> Exercise requirements
All of the records should be given again verbatim.

> Stored data
[Start of Attachment]

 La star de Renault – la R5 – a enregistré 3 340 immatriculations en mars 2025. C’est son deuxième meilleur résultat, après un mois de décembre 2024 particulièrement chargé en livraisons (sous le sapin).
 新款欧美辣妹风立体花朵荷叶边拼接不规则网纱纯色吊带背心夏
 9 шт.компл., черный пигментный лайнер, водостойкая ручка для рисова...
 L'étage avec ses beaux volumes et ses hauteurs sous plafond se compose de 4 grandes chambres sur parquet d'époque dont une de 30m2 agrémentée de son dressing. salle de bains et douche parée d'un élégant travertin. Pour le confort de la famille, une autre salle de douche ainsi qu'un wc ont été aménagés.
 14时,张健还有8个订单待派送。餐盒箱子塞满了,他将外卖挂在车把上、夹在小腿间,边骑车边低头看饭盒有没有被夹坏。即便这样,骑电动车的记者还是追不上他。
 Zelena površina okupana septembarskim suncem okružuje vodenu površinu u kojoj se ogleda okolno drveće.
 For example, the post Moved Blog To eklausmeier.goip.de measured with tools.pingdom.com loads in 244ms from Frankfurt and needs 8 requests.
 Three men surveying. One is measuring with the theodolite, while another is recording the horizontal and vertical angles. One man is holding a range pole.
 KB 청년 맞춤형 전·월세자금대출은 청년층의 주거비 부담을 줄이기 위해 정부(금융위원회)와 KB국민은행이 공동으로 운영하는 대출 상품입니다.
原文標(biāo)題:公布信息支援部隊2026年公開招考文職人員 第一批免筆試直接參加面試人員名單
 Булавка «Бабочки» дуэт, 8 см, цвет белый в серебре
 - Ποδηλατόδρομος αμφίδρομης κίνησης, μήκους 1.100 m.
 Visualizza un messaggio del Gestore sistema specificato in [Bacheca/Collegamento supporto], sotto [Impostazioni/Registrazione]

[End of Attachment]

> Solution
 La star de Renault – la R5 – a enregistré 3 340 immatriculations en mars 2025. C’est son deuxième meilleur résultat, après un mois de décembre 2024 particulièrement chargé en livraisons (sous le sapin).
 新款欧美辣妹风立体花朵荷叶边拼接不规则网纱纯色吊带背心夏
 9 шт.компл., черный пигментный лайнер, водостойкая ручка для рисова...
 L'étage avec ses beaux volumes et ses hauteurs sous plafond se compose de 4 grandes chambres sur parquet d'époque dont une de 30m2 agrémentée de son dressing. salle de bains et douche parée d'un élégant travertin. Pour le confort de la famille, une autre salle de douche ainsi qu'un wc ont été aménagés.
 14时,张健还有8个订单待派送。餐盒箱子塞满了,他将外卖挂在车把上、夹在小腿间,边骑车边低头看饭盒有没有被夹坏。即便这样,骑电动车的记者还是追不上他。
 Zelena površina okupana septembarskim suncem okružuje vodenu površinu u kojoj se ogleda okolno drveće.
 For example, the post Moved Blog To eklausmeier.goip.de measured with tools.pingdom.com loads in 244ms from Frankfurt and needs 8 requests.
 Three men surveying. One is measuring with the theodolite, while another is recording the horizontal and vertical angles. One man is holding a range pole.
 KB 청년 맞춤형 전·월세자금대출은 청년층의 주거비 부담을 줄이기 위해 정부(금융위원회)와 KB국민은행이 공동으로 운영하는 대출 상품입니다.
原文標(biāo)題:公布信息支援部隊2026年公開招考文職人員 第一批免筆試直接參加面試人員名單
 Булавка «Бабочки» дуэт, 8 см, цвет белый в серебре
 - Ποδηλατόδρομος αμφίδρομης κίνησης, μήκους 1.100 m.
 Visualizza un messaggio del Gestore sistema specificato in [Bacheca/Collegamento supporto], sotto [Impostazioni/Registrazione]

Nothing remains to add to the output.